# NFS block sizes



## ghell (Apr 1, 2011)

I'm using ZFS as a local file system and nfsd to export it to Linux machines.

I've noticed from testing with *dd* on the local filesystem that it performs _significantly_ better if I set bs=8k or higher. Is there any way to check whether nfs is using this block size to read/write to the disk? For example, when I set rsize and wsize on the client's mount options are those settings only used for the network transfer or are they used by the daemon to read off the disk?


----------



## SirDice (Apr 1, 2011)

The NFS block size has nothing to do with the block sizes used by the filesystem.


----------



## Galactic_Dominator (Apr 1, 2011)

ghell said:
			
		

> I'm using ZFS as a local file system and nfsd to export it to Linux machines.
> 
> I've noticed from testing with dd on the local filesystem that it performs _significantly_ better if I set bs=8k or higher.



Ha, I imagine so.  Maybe you're a Linux user primarily but `% dd` on FreeBSD has a default blocksize of 512 bytes following UNIX tradition (Linux I believe is 1M), so if you don't increase the blocksize you're copying what is in effect the smallest size possible.  It's like trying to fill a bathtub one teaspoon at a time.  You'll probably get the best performance with something around MAXPHYS or somewhere in the 128k-256k range by default.

Continuing with the assumption you're a Linux user, you probably don't reference the man page too often because it doesn't contain detailed info.  Since you're using FreeBSD however, reading the man page would have told you what you needed to know.

dd(1)


----------



## ghell (Apr 2, 2011)

Please don't assume that Linux users are stupid. I know how to use dd and what block sizes are etc and why larger block sizes are better for ZFS. Linux users also use man pages frequently (I didn't specifically say Ubuntu or some other "easy" distro like that). I just mentioned that the clients were Linux because what looks like the same software on Linux and BSD will usually have minor differences.

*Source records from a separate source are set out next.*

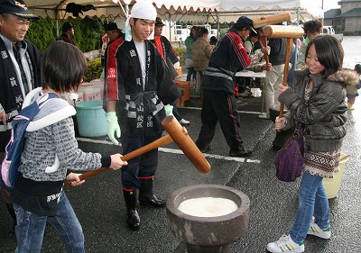 会場では地元消防団によるもちつきも行われ、地域が活気に満ちていました。
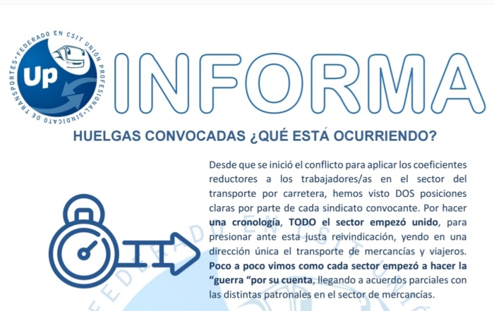 Os informamos sobre la Huelga del Transporte en España. Descarga el PDF UP INFORMA Huelga ...
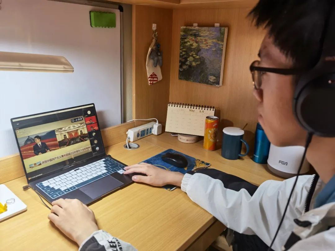 今天,我和团委学生骨干们一起,学习了习近平总书记在在庆祝中国共产主义青年团成立100周年大会上的讲话,我心潮澎湃,对新时代新青年历史使命的认识不断加深。同龄人朝气向上、踏实苦干的奋斗模样,提醒我时刻反思自身不足,积极进取。总书记带给青年朋友的谆谆教诲,帮我们指明前进的方向;寄予青年朋友的殷殷期望,激励着我们朝着时代复兴的目标大步走去。当下,疫情反复、武装冲突频发、孤立主义抬头、去全球化浪潮汹涌,这样的艰难时局里,我们更应当坚定理想信念,磨砺自身意志品质,为建设祖国贡献自己的一份力量。长路漫漫,重任在肩,我辈定接续奋斗,不负韶华,不负祖国与人民的寄托。

I just want to make sure the nfs daemon is using the correct block size to read off the actual disk, because I'm getting NFS performance *exactly the same* as if dd uses its default block size of 512, regardless of rsize and wsize client options. I am not expecting network performance to be as good as local performance it just seems like too much of a coincidence that the performance is always *exactly* the same even though there is plenty of spare network bandwidth, it isn't CPU bound (or I/O bound if it can read faster locally), etc.

To summarise, dd gets X performance on default block size. nfsd also gets exactly X performance. dd performance increases to Y when larger block sizes are used. I want to see if nfsd performance also increases if larger block sizes are used to read from the disk.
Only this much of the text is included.